Its safety committee “carried out an analysis of the cases and took into account the presence of other medical conditions and the death rate for corresponding age groups in the general population,” the EMA said in a statement. The committee “concluded that the data did not show a link to vaccination … and the cases do not raise a safety concern.”

In the United States, Maryland biotech company Novavax announced Thursday that its vaccine candidate proved effective against coronavirus infections, including in hot spots suffering outbreaks of the new variants. In a trial in Britain, where a more contagious strain is dominant, the vaccine was 89 percent effective, the company said.

More worrying, however, were the results from Novavax’s South African trial, where most participants were infected with the B. 1351 variant. The vaccine’s efficacy in those cases dropped to between 49 and 60 percent, depending on whether the participant was also infected with HIV.

Britain and Germany were rolling out new travel restrictions aimed at curbing the spread of both the B. 1351 variant, as well as a separate strain first identified in Brazil. On Friday, the British government banned direct passenger flights from the United Arab Emirates, where a surge in new infections has been blamed on a flood of international travel to and from Dubai.

Scientists and drug companies say the variant first identified in South Africa has evaded key antibody treatments and vaccines, potentially blunting efforts to tame the pandemic.

Germany on Friday was also expected to enact a ban on travel from Brazil, Britain, Portugal and South Africa. Two separate variants of the virus were also first identified in Brazil and Britain.

Britain’s Foreign Office and Department for Transport also banned travel from Burundi and Rwanda, both of which have reported cases involving the South African variant.

“The decision to ban travel from these destinations follows the discovery of a new coronavirus variant first identified in South Africa, that may have spread to other countries, including the UAE, Burundi and Rwanda,” they said in a joint statement.

The B. 1351 variant has now infected people in at least seven African countries, including Botswana, Ghana and Kenya, said the WHO’s regional director for Africa, Matshidiso Moeti.

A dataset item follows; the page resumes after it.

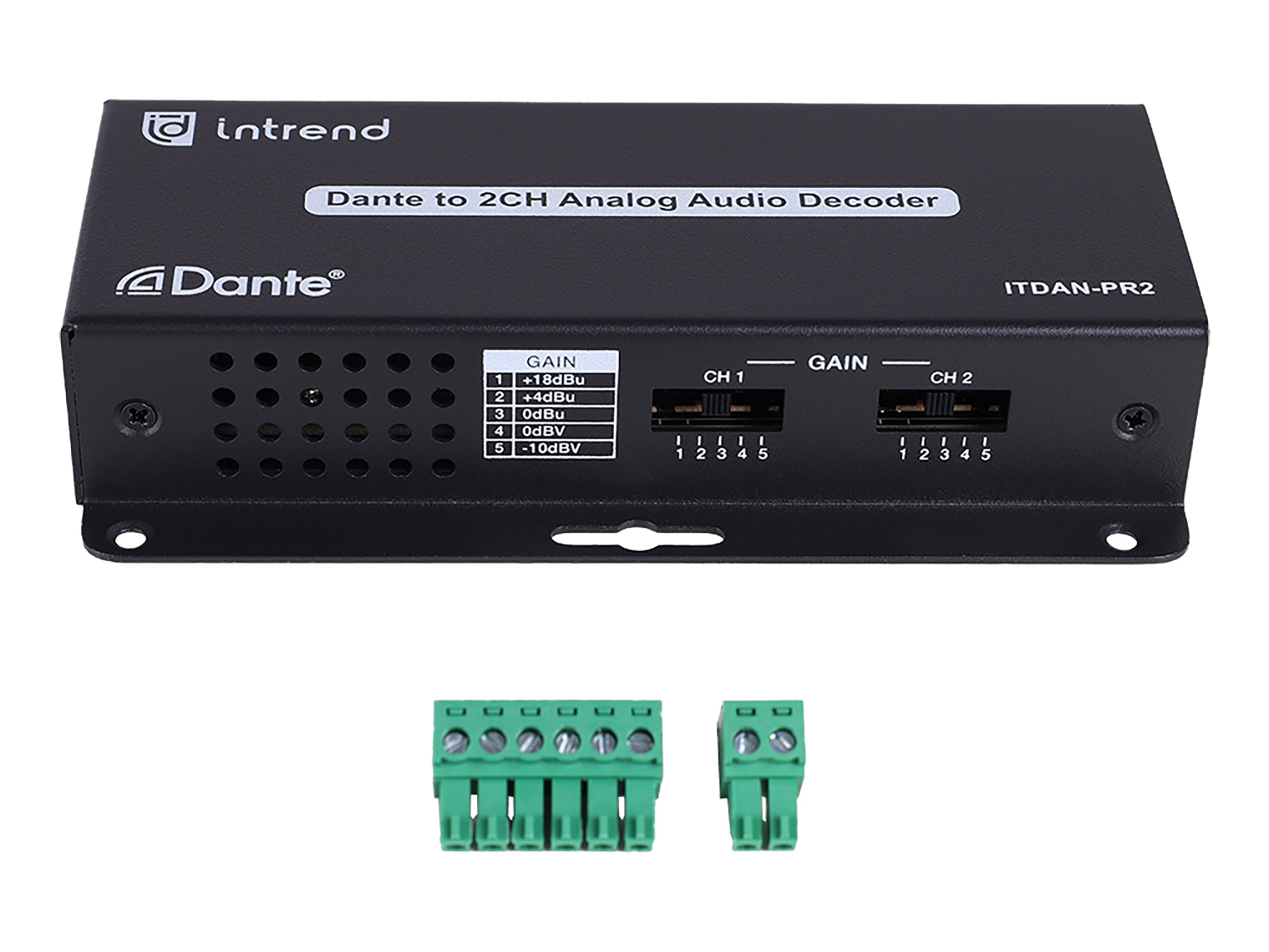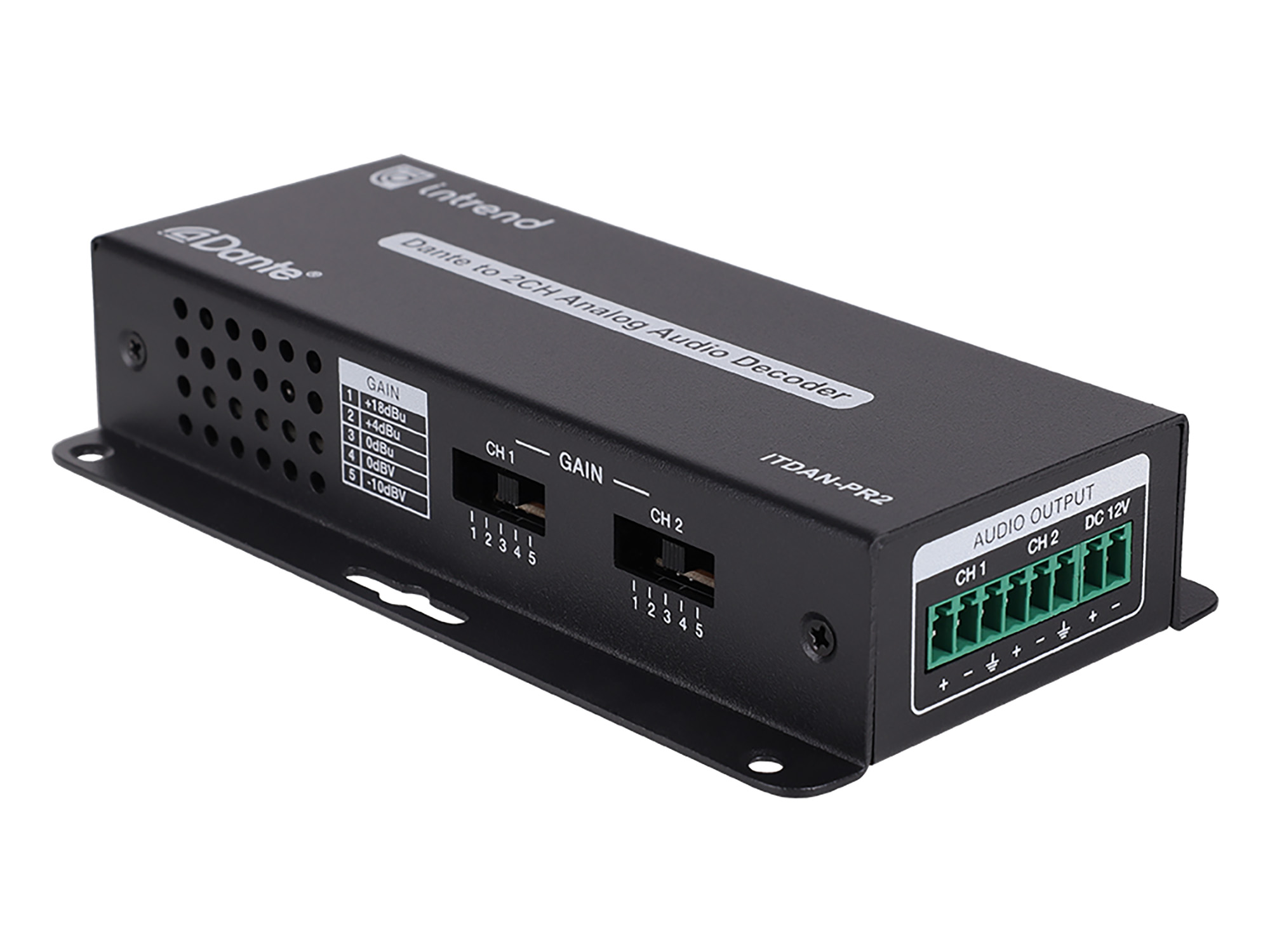 Конвертор из Dante в аналоговый аудиосигнал, с разъёмами Phoenix (6pin). Не требует установки драйверов и программного обеспечения. Поддерживает 2 выходных канала аудио. Компактный дизайн и высокая производительность, питание от PoE.

The virus continued to take an increasingly grim toll. In Mexico, the number of coronavirus deaths has surpassed those in India, according to Health Ministry figures. With more than 155,000 deaths, the country now has the third-highest number of fatalities worldwide.

More than 100 million people have been infected by the coronavirus since the pathogen emerged in Wuhan, China, in late 2019.

Scientists investigating the origins of the outbreak and led by the World Health Organization began their first face-to-face meetings with Chinese counterparts in Wuhan on Friday. The 10-member team visited a hospital that was one of the first to treat covid-19 patients.

The politically charged mission followed months of negotiations between the WHO and Chinese authorities, whom some experts have accused of suppressing information about the extent of the outbreak.

“Extremely important 1st site visit. We are in the hospital that treated some of the first known cases of COVID-19, meeting with the actual clinicians & staff who did this work, having open discussion about the details of their work,” team member Peter Daszak said on Twitter on Friday.

Michael Birnbaum in Riga, Latvia, contributed to this report.